Washington Wholesalers Owed $21 Million After Losing Pabst Business

Ten months after Pabst Brewing Company terminated agreements with three Washington wholesalers, an arbitrator has determined that Columbia Distributing — which was awarded the distribution rights to several Pabst brands last February — owes a combined $21.2 million to The Odom Corporation, Craig Stein Beverage, and Marine View Beverage.

A federal judge determined last May that Pabst had breached its contracts with the three wholesalers and separate wrongful termination lawsuits filed against the beer supplier, which seek additional monetary damages, are scheduled to go to trial in December 2018.

Nevertheless, according to Washington franchise law, successor wholesalers “must compensate the terminated distributor for the fair market value of the terminated distributor’s rights to distribute the brand.”

On December 29, 2017, Peggy Rasmussen, who was appointed by the American Arbitration Association to determine the fair market value of the distribution rights, concluded that Marine View Beverage and The Odom Corporation were each owed more than $8 million for the loss of the Pabst business. Craig Stein Beverage is also owed more than $4.5 million.

In an email to Brewbound, Gavin Skok, a partner with Fox Rothschild LLP who represented the terminated wholesalers, called the arbitrator’s decision a “major victory” for his clients.

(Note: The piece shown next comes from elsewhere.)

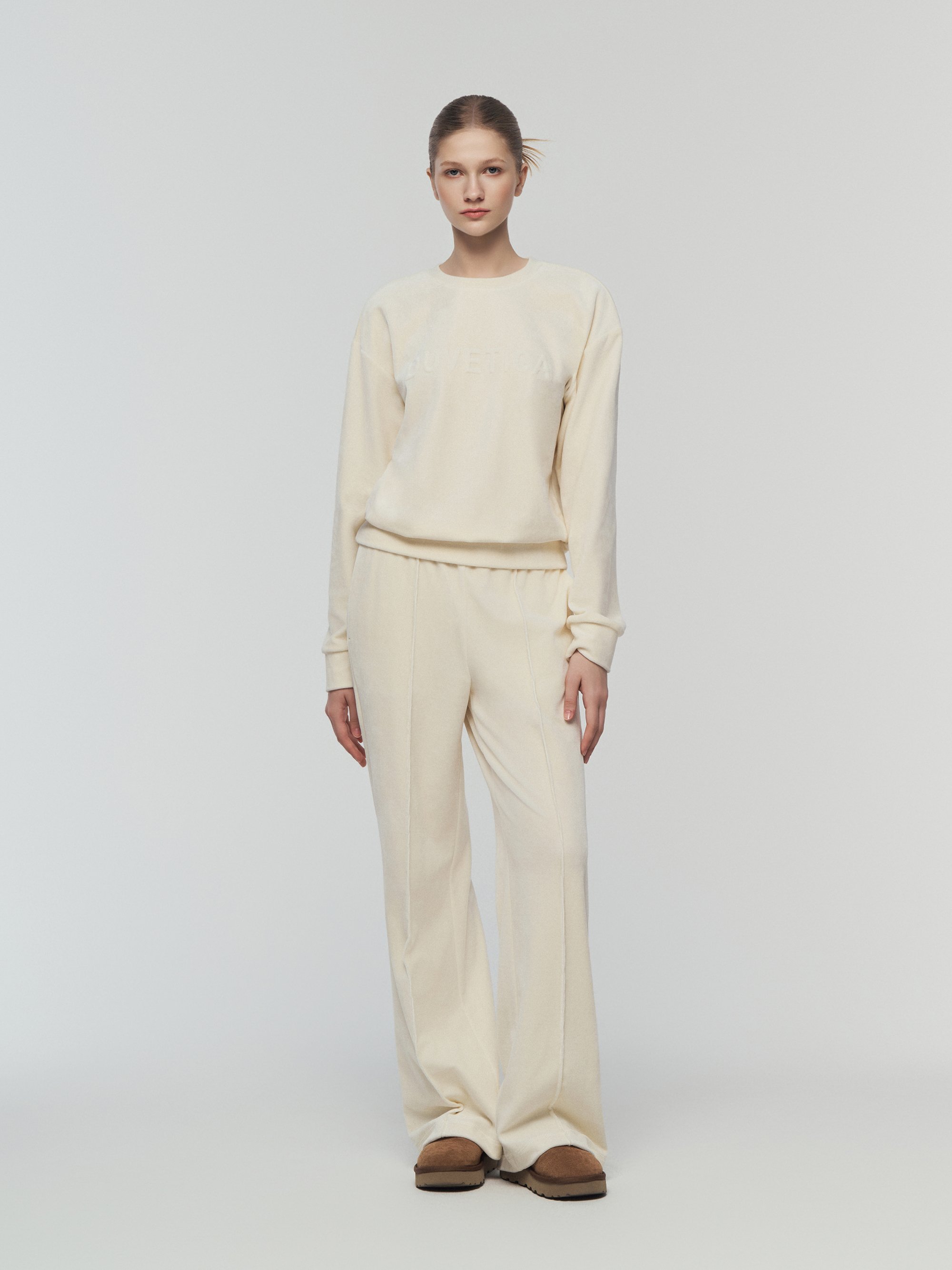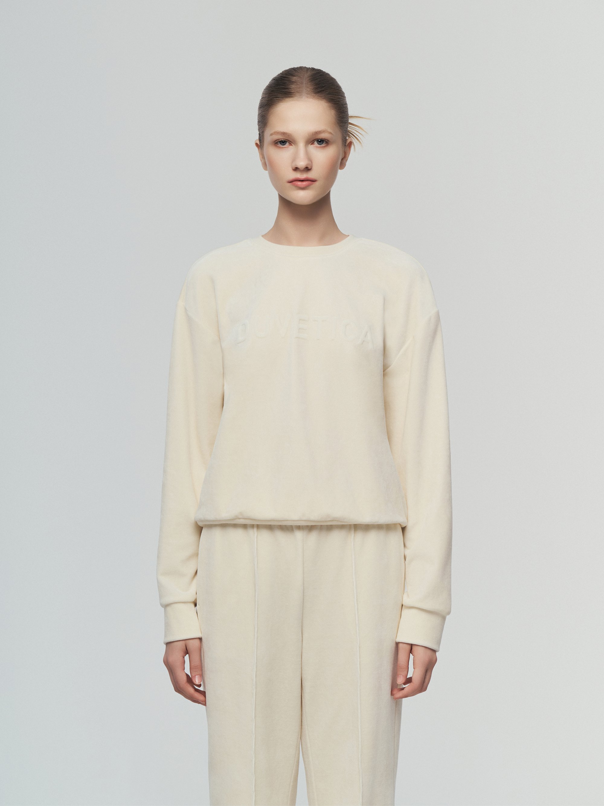 - 벨벳 저지 소재로 편안한 신축성과 부드러운 착용감

“The Arbitrator’s award affirms that when valuable brands are taken away from distributors involuntarily and without cause, distributors can protect themselves and seek appropriate compensation,” he wrote, noting that the three wholesalers were awarded fair market value after being forced to give up the rights to the Pabst, Rainier, Olympia, Small Town and Tsingtao beer brands.

He added that Rasmussen used a discounted cash flow methodology to determine the fair market value of the lost business.

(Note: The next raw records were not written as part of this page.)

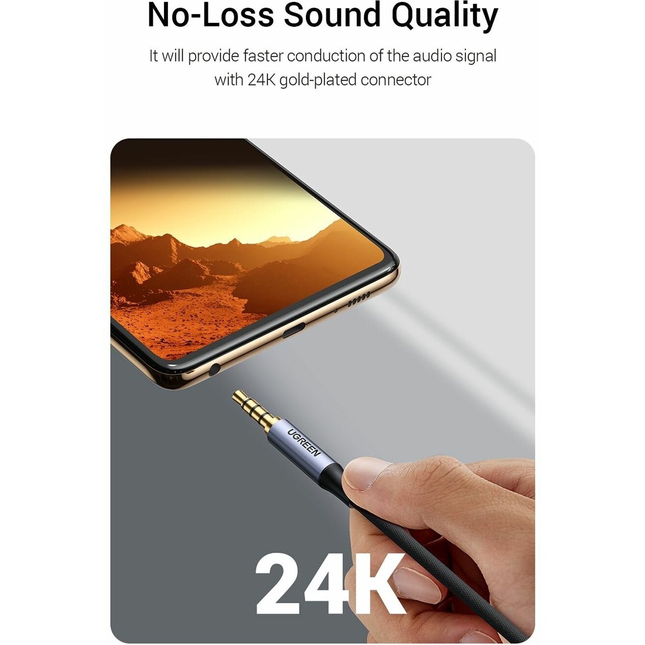 Кабель UGREEN AV183 20497 3.5mm Male to Male 4-Pole Microphone Audio Cable 1.5m Black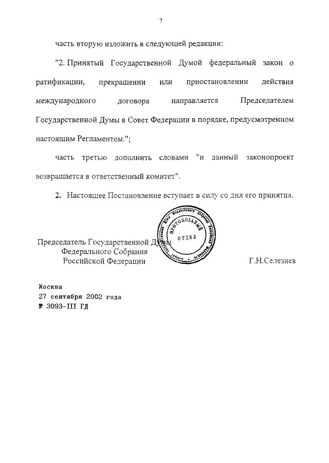 ПОСТАНОВЛЕНИЕ ГД ФС РФ от 27.09.2002 N 3093-III ГД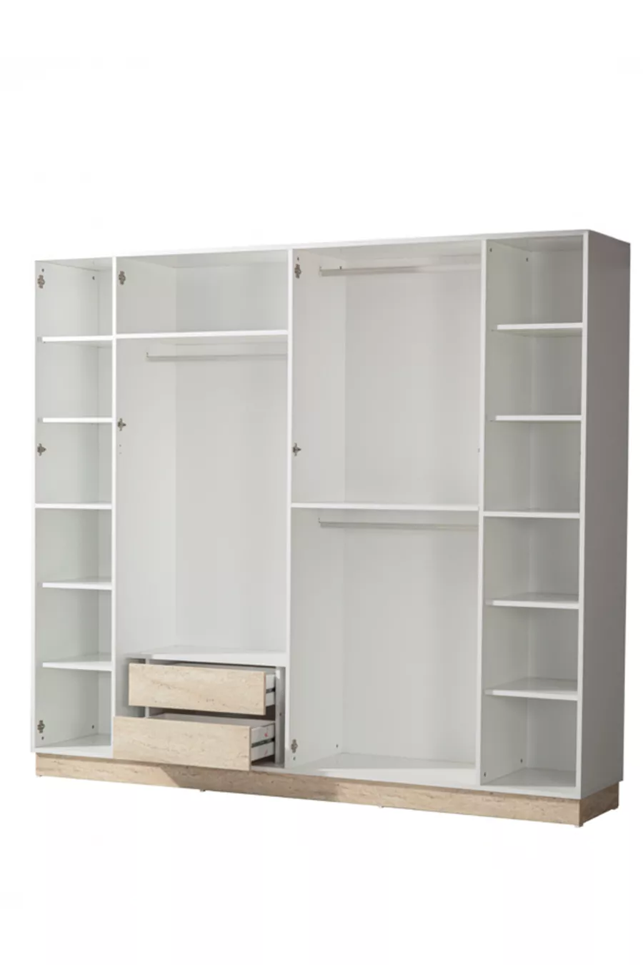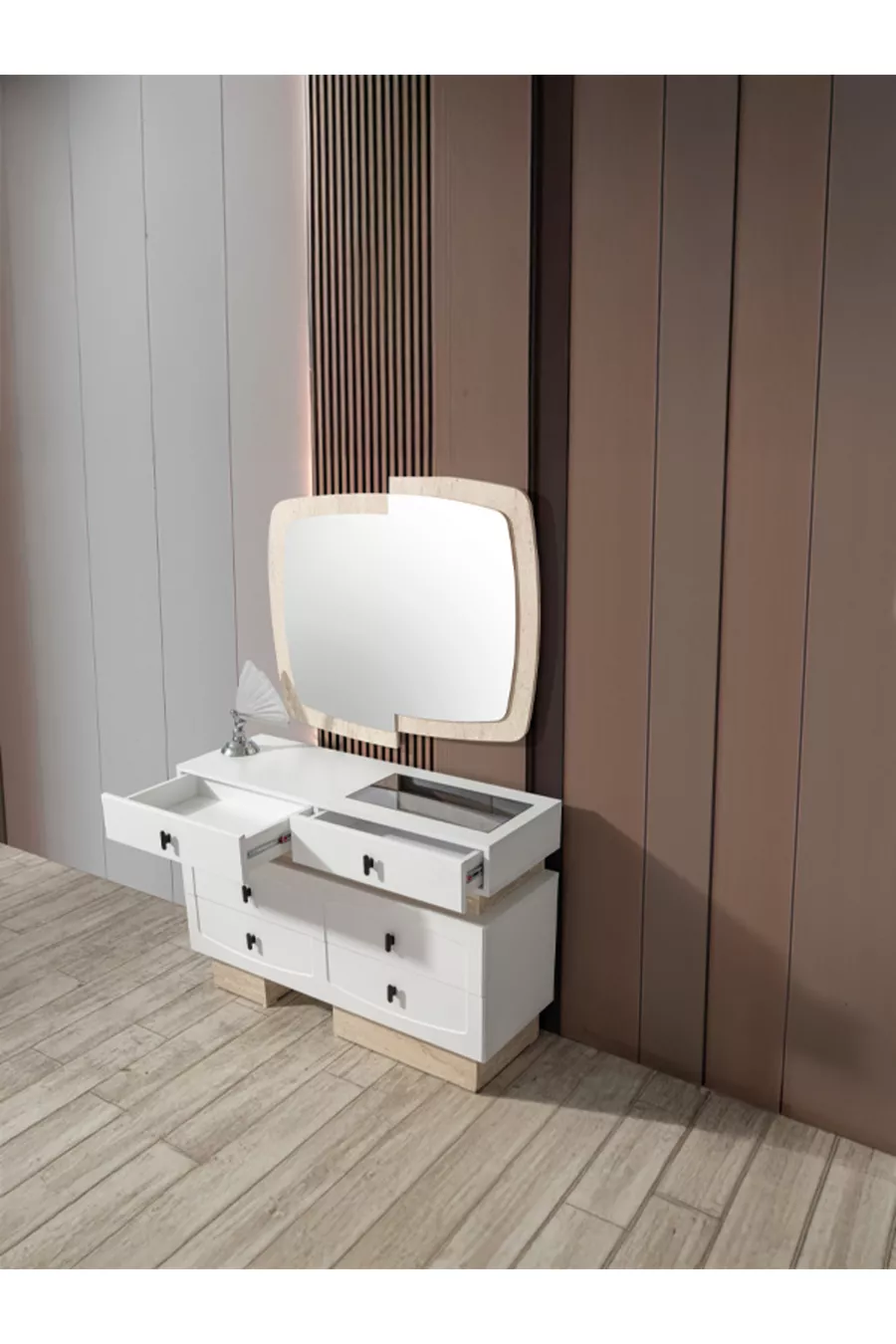 Color: Multicolor Warranty Period: 2 Years Bed/Base Size: 160 x 200 Bed Function: With Storage Base Wardrobe Function: With Mirror Wardrobe Body Material: MDF Number of Doors: 6 Set Contents: Bed + 2 Nightstands + Dresser + Mattress + Wardrobe Style: Modern Theme / Style: Modern Country of Origin: TR

Reached by phone, Skok said the multiples for the brands – which ranged between 1.84x for Marine View’s slice of the Tsingtao business, and 8.11x for Craig Stein’s portion of the Olympia beer business – were higher than what many industry observers might expect.

“The truth is that these three brands (Pabst, Olympia, and Rainier) are hot brands in Washington,” he said, noting that his firm argued for greater compensation for the Rainier and Olympia products because of their cache within the region.

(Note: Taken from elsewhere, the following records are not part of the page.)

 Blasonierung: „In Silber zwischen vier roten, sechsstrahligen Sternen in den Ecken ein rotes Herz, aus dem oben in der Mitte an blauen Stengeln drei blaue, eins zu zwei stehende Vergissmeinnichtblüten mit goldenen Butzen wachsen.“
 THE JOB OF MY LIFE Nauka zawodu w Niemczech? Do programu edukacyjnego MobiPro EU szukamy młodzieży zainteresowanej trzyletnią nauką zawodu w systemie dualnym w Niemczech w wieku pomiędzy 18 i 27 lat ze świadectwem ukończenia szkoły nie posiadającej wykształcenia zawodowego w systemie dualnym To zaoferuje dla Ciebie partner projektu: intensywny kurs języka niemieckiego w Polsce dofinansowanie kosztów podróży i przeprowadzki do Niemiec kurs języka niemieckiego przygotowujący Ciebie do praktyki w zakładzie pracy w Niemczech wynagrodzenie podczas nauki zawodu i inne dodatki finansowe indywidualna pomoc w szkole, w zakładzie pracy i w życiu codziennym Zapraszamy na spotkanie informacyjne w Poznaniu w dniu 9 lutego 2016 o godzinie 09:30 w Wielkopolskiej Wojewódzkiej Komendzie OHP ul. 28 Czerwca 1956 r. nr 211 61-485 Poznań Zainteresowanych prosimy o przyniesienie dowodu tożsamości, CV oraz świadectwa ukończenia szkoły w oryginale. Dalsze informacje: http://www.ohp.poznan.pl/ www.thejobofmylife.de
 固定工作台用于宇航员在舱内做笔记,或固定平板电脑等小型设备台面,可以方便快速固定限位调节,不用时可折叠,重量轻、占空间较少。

The decision could have additional implications for beer companies looking to terminate contracts with wholesalers in Washington as well as other states.

“This shows that franchise protection laws are still important and do have quite a bit of force,” Skok told Brewbound. “It will probably make brewers think twice about transferring brands if they have existing distribution agreements.”

Skok, who admitted that Washington’s franchise protections made it easier for the three wholesalers to make a case for fair market value compensation from Columbia Distributing, added that the methodology used to determine the multiples could impact how future multiples are calculated in distributor termination cases.

“One of the great things about these statutes is that it gives protection to distributors in the case of an involuntary sale,” he said. “If we didn’t have that state statute that says we also get to recover damages from Columbia, we likely would have just been focusing on Pabst.”